The embodiment of the processor 16 depicted by example in FIG. 3 further illustratively includes a second processor 52 operatively coupled to the first processor 50 and also to at least one memory unit 54. In some embodiments, the processor 52 may include one or more peripheral devices, such as a display monitor, one or more input and/or output devices or the like, although in other embodiments the processor 52 may not include any such peripheral devices. In any case, the processor 52 is illustratively configured, i.e., programmed, to execute at least one process for analyzing ion measurement events. Time-based charge detection data (CDD) in the form of charge magnitude and charge timing data (i.e., detection of the timing of charges induced by ions on the charge detection cylinder) received by the processor 50 via the charge detection signals CDS is illustratively transferred from the processor 50 directly to the processor 52 for processing and analysis upon completion of each ion measurement event.

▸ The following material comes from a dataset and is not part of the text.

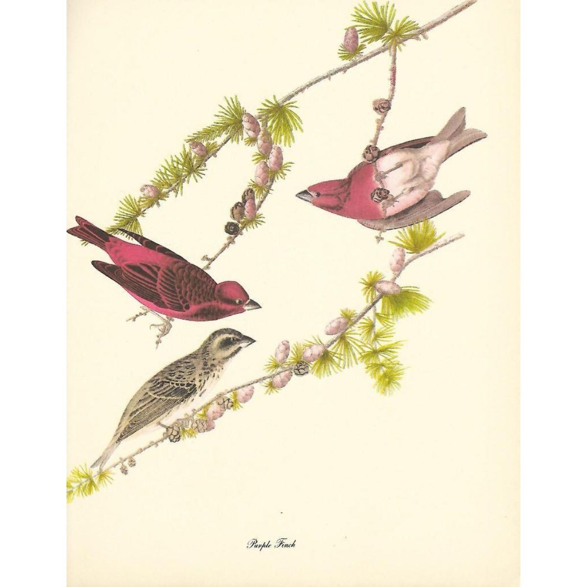 c1950 Audubon print, Purple Finch - vintage print, from the collection, " Audubon - Fifty Selections With Commentaries by Roger Tory Peterson". 9" X 12" print size. Comes with 11" X 14" mat board.
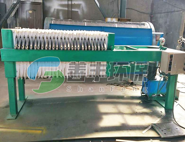 懸浮液用料泵送入濾機每個密閉的濾室,在壓力作用下,濾液透過濾層及濾布,經濾布出液口排出,濾渣則留在濾框內,從而達到固液分離的目的。

In some embodiments, the processor 52 is illustratively provided in the form of a high-speed server operable to perform both collection/storage and analysis of such data. In such embodiments, one or more high-speed memory units 54 may be coupled to the processor 52, and is/are operable to store data received and analyzed by the processor 52. In one embodiment, the one or more memory units 54 illustratively include at least one local memory unit for storing data being used or to be used by the processor 52, and at least one permanent storage memory unit for storing data long term. In one such embodiment, the processor 52 is illustratively provided in the form of a Linux® server (e.g., OpenSuse Leap 42.1) with four Intel® Xeon™ processors (e.g., E5-465L v2, 12 core, 2.4 GHZ). In this embodiment, an improvement in the average analysis time of a single ion measurement event file of over 100× is realized as compared with a conventional Windows® PC (e.g., i5-2500K, 4 cores, 3.3 GHZ). Likewise, the processor 52 of this embodiment together with high speed/high performance memory unit(s) 54 illustratively provide for an improvement of over 100× in data storage speed. Those skilled in the art will recognize one or more other high-speed data processing and analysis systems that may be implemented as the processor 52, and it will be understood that any such one or more other high-speed data processing and analysis systems are intended to fall within the scope of this disclosure. In alternate embodiments, the processor 52 may be provided in the form of one or more conventional microprocessors or controllers and one or more accompanying memory units having instructions stored therein which, when executed by the one or more microprocessors or controllers, cause the one or more microprocessors or controllers to operate as described herein.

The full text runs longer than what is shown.